Die Pearson-Korrelation ist ein weit verbreitetes statistisches Verfahren, das oft in psychologischen Studien verwendet wird, um lineare Zusammenhänge zwischen zwei Variablen zu messen. In diesem Artikel erkläre ich dir, was die Pearson-Korrelation ist, welche Voraussetzungen erfüllt sein müssen und wie du sie mit R Studio berechnest.


Was ist die Pearson-Korrelation?


Die Pearson-Korrelation, oft auch als Produkt-Moment-Korrelation bezeichnet, misst die Stärke und Richtung der linearen Beziehung zwischen zwei kontinuierlichen Variablen. Der Korrelationskoeffizient r nimmt Werte zwischen -1 und +1 an:

  • +1: Perfekte positive Korrelation (beide Variablen steigen gemeinsam)

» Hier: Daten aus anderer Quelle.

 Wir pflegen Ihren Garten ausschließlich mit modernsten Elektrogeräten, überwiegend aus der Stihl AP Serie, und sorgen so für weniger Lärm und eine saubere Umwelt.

  • -1: Perfekte negative Korrelation (eine Variable steigt, während die andere sinkt)

  • 0: Keine lineare Beziehung zwischen den Variablen

Die Pearson-Korrelation wird häufig verwendet, um Zusammenhänge in Bereichen wie Psychologie, Soziologie und Medizin zu untersuchen. Sie eignet sich besonders gut für intervallskalierte Daten und ermöglicht es, Zusammenhänge in einfachen, interpretierbaren Zahlen auszudrücken. Beispielsweise könnte man untersuchen, wie das Selbstwertgefühl mit der Lebenszufriedenheit zusammenhängt.




Voraussetzungen für die Pearson-Korrelation


Damit die Pearson-Korrelation sinnvoll angewendet werden kann, müssen folgende Voraussetzungen erfüllt sein:

  1. Intervall- oder Verhältnisskala: Beide Variablen müssen mindestens intervallskaliert sein. Dies wird durch das Messinstrument gewährleistet und muss nicht extra getestet werden.

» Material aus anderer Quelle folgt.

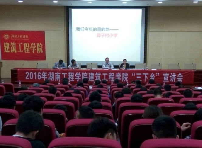 会议伊始,李佳老师作为2014年暑假“三下乡”活动的带队老师,对暑期“三下乡”作有关成果及知识的普及;接着观看建筑工程学院 2014-2015年“三下乡”视频,近距离感受学院“三下乡”团队的风貌;视频播放结束后,2015年暑期“三下乡”活动的带队老师唐喜梅老师开始发言,唐老师分享了自己带队时的经历,把“三下乡”的生活用最简单的语言给同学们勾勒成鲜活的画面,同时她高度赞扬了往届“三下乡”成员的品质,并希望同学们参加这个活动是出于真心,出于热爱;接着“三下乡”社会实践活动优秀学生代表上台发言,先是往年连续两届“三下乡”团队成员王磊同学讲述了自己的亲身体验,然后2015年暑期“三下乡”支教组组长李晓同学发言;接下来便是观众提问环节,大家将心中的疑惑一一说出来,老师与往届代表们耐心的向大家解释,大家均表示受益匪浅;最后,建筑工程学院团总支副书记夏哲凡同学阐述了他对2016年建筑工程学院暑期“三下乡”社会实践活动的计划计划方案。至此,建筑工程学院2016年暑期“三下乡”宣讲会圆满结束。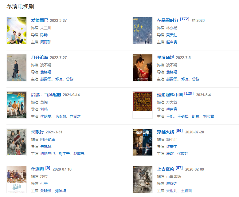 代表作品:旋風(fēng)少女、瑯琊榜、長歌行、穿越火線、仙劍客棧、影、沙海、盛夏未來、家有外星人、淘氣包馬小跳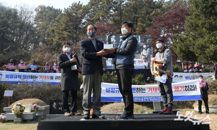 13일 경기도 남양주시 모란공원에서 열린 전태일 열사 50주기 추도식에서 택배연대 노조 김태완 위원장이 전태일노동상 수상을 하고 있다.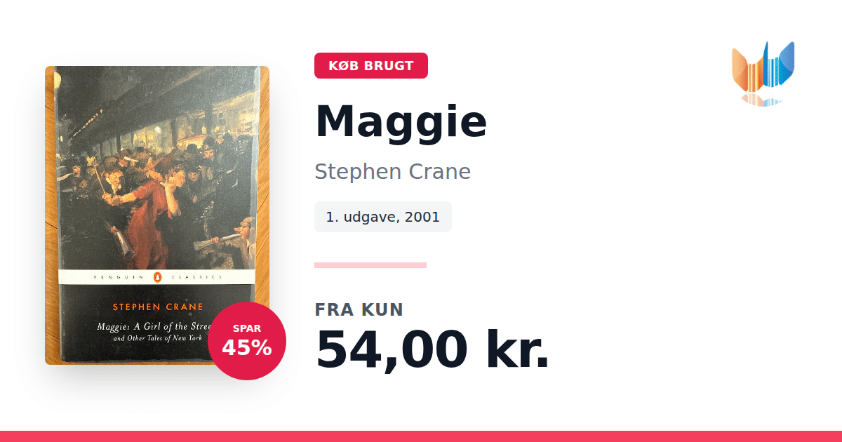 Lige nu kan du købe "Maggie" af Stephen Crane til kun 54,00 kr. Du sparer hele 45% af nyprisen! Bogen du ser her er brugt, og i god stand. Vi har i øjeblikket kun et enkelt eksemplar til salg af "Maggie", så slå til mens du kan!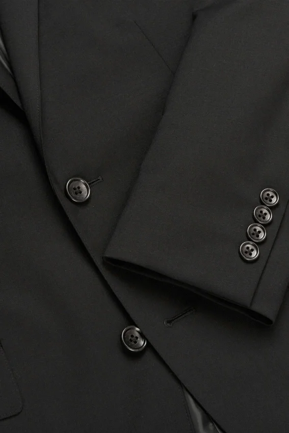 La chaqueta cuenta con solapas modernas con muesca. Tiene doble botonadura, doble abertura trasera, puños con botones decorativos, forro de Bemberg y un bolsillo interior para el pasaporte para cuando viajes. Los pantalones cuentan con un clásico cierre de gancho y barra y bolsillos traseros con botones.
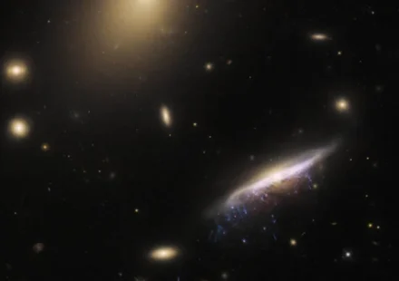 Космический телескоп Хаббла НАСА наблюдал галактику, подвергшуюся воздействию набегающего давления. Из-за явления, известного как разрыв под давлением, из галактики JW100 появляются нити, напоминающие щупальца. Эта «галактическая медуза» была запечатлена…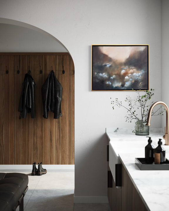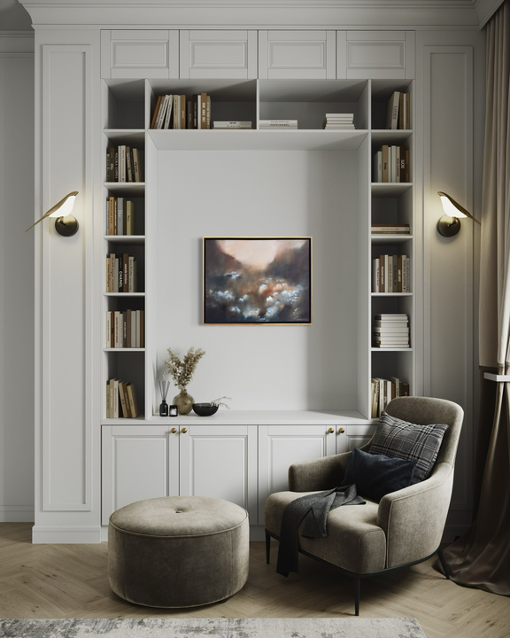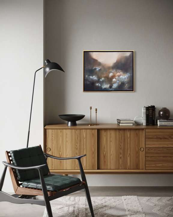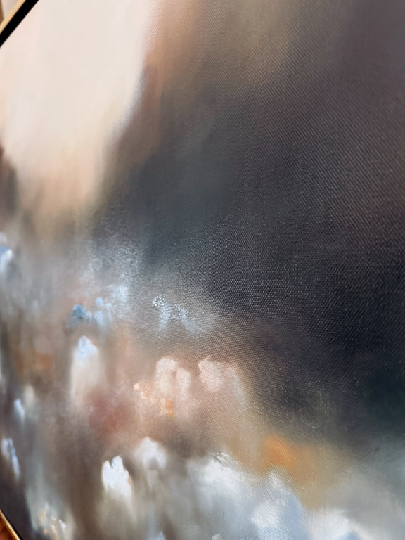Rich pallet work and subtle layering give the piece a sense of dreaminess and depth, inviting the eye to wander slowly across the field and discover new details with each viewing.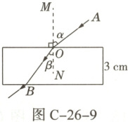 15. 物理学告诉我们,当光从空气斜射入介质时会发生折射,其中入射角的正弦值和折射角的正弦值之比叫做这种介质的折射率。如图C-26-9,入射光线$AO$在点$O$处斜射入某一高度为$3\ \mathrm{cm}$,折射率为$\frac{4}{3}$的长方体介质(其中$\alpha$为入射角,$\beta$为折射角,$MN$过点$O$且垂直于介质的上表面),若$\alpha = 53^{\circ}$,则折射光线在该介质中传播的距离(即$OB$的长度)约是______$\mathrm{cm}$。(参考数据:$\sin 53^{\circ} \approx 0.80$,$\cos 53^{\circ} \approx 0.60$,$\tan 53^{\circ} \approx 1.33$)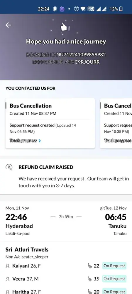 2) Then, they wait me out for 2 hours. (10pm to 12pm) with disable tracking status and switch off his mobile throughout this incident. Even your service care executive was not able to approach him you can verify this by your service care data on (25/01/2025) in between that he consistently abused me and misbehave with me and refused to give us blankets. what I thinks they tried to scam with us, they try fill passengers offline on my online booking ticket that why they waited us for 2 hrs. after my onboarding he shuffle my seats with offline passenger.

  2. Normalverteilung: Die Daten sollten (nahezu) normalverteilt sein, besonders bei kleineren Stichproben. Dies kann mit dem Shapiro-Wilk-Test oder durch die Kennwerte der Schiefe und Kurtosis überprüft werden.

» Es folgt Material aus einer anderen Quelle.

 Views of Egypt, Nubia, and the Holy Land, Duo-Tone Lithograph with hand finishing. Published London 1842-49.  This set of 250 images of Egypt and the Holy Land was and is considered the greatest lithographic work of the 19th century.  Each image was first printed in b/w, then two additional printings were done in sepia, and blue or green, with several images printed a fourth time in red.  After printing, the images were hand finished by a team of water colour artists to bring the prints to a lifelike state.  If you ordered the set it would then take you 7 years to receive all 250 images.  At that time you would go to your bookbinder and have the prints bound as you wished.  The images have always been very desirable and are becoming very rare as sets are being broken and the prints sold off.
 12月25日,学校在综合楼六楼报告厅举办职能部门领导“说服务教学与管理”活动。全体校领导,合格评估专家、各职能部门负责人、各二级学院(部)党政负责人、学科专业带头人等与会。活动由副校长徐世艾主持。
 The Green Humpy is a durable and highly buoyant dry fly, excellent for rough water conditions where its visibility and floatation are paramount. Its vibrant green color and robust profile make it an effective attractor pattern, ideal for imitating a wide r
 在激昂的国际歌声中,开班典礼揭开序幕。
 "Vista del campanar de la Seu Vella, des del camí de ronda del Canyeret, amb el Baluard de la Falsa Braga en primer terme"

Schritt-für-Schritt-Anleitung: Pearson-Korrelation in R Studio berechnen


Hier zeige ich dir, wie du die Pearson-Korrelation in R Studio berechnest. Dabei verwende ich einen wir einen Beispiel-Datensatz mit den Variablen Selbstwertgefühl, Stresslevel, Lebenszufriedenheit und Motivation.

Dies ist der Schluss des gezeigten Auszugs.